Sep
28
Carta de los padres objetores a los demás padres sobre Educación para la Ciudadanía
Con ocasión del comienzo del curso escolar, un grupo de padres objetores madrileños han escrito una carta que reparten entre sus compañeros a la entrada y salida de los colegios advirtiendo de los peligros que supone la implantación de la EpC, especialmente este curso, que comienza a impartirse en primaria. Transcribimos, a continuación, el texto de la carta.
Queridos padres:
Las esperanzas
Con el inicio del curso escolar, nuevamente confiamos a nuestros hijos a los colegios para su formación académica, lo que les permitirá adquirir los conocimientos y destrezas necesarios para su futuro. Junto a ello, confiamos también que estos centros educativos colaboren con nosotros en la educación de los valores que deseamos transmitir a nuestros hijos.
Las amenazas
Sin embargo, actualmente existen amenazas que se han demostrado como reales: las polémicas asignaturas de Educación para la Ciudadanía (EpC) con toda la carga de subjetividad en la formación del alumnado en determinadas cuestiones, permitiendo, tal como están diseñadas, la introducción de adoctrinamiento ideológico a través de sus conceptos, incluso, ya desde edades muy tempranas.
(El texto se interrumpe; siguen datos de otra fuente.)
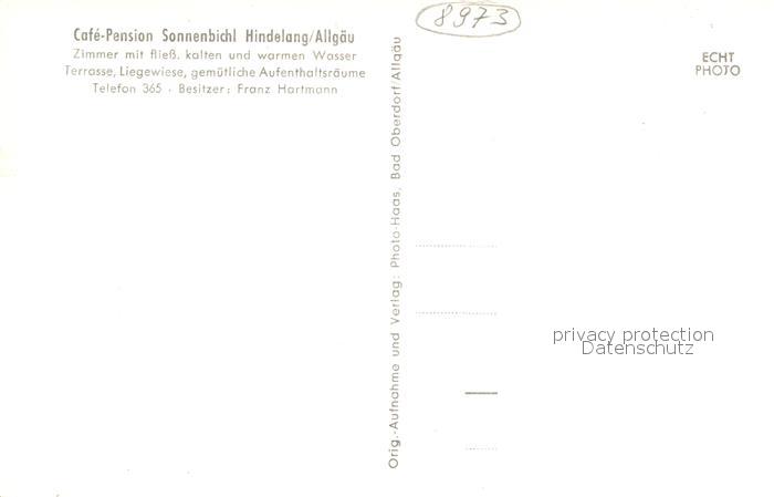 42963127 Hindelang Pension Sonnenbichl postalisch nicht gelaufen Erhaltung siehe scans [AndreD76] KatCode: 11110009780123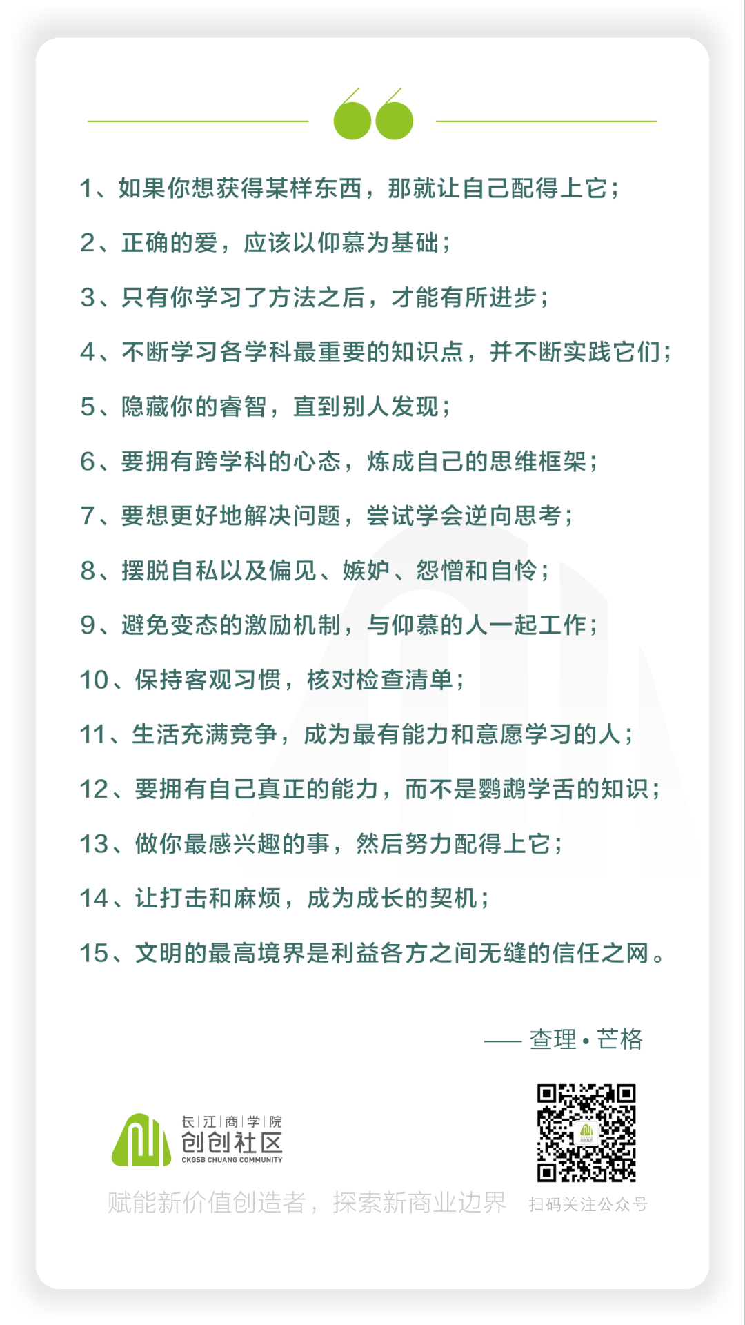分享查理 • 芒格在美国南加州大学毕业典礼上的演讲。在这场演讲中,查理 • 芒格给年轻人分享了对他人生有重要影响的15条建议。

Así, los polémicos materiales que se han ofrecido de apoyo al profesorado, algunas actividades extraescolares, los diferentes libros de texto según el pensamiento de sus autores y recientemente, los folletos para adolescentes de 9 a 16 años del Ministerio de Igualdad con transmisión de ideas sobre las que no existe ningún consenso social, acompañadas de imágenes vergonzosas, están marcando ya una alarma objetiva y digna de reflexión entre muchos padres.
Las opciones
Por este motivo, tiene especial valor el testimonio de los 739 alumnos que durante el pasado curso 2008-09 se abstuvieron de entrar en clase de EpC, como expresión de su rechazo a todo este adoctrinamiento y por su clara influencia en los patrones de comportamiento de la sociedad del mañana.Cada familia, ahora, puede y debe analizar como ejercer la defensa de la libertad educativa ante la intromisión del Estado en su derecho a educar: en unos casos mediante la no entrada a clase como valor testimonial aunque el colegio no vaya a enseñarles nada en contra de los principios familiares. También exigiendo -en las reuniones de curso o con el profesorado correspondiente- los contenidos concretos de cada clase, promoviendo charlas informativas para padres y analizando todas las actividades extraescolares e invitaciones de personas externas al Centro pertenecientes a colectivos concretos, extremando, así, la vigilancia sobre cualquier adoctrinamiento nocivo y comunicándolo cuando éste se produzca.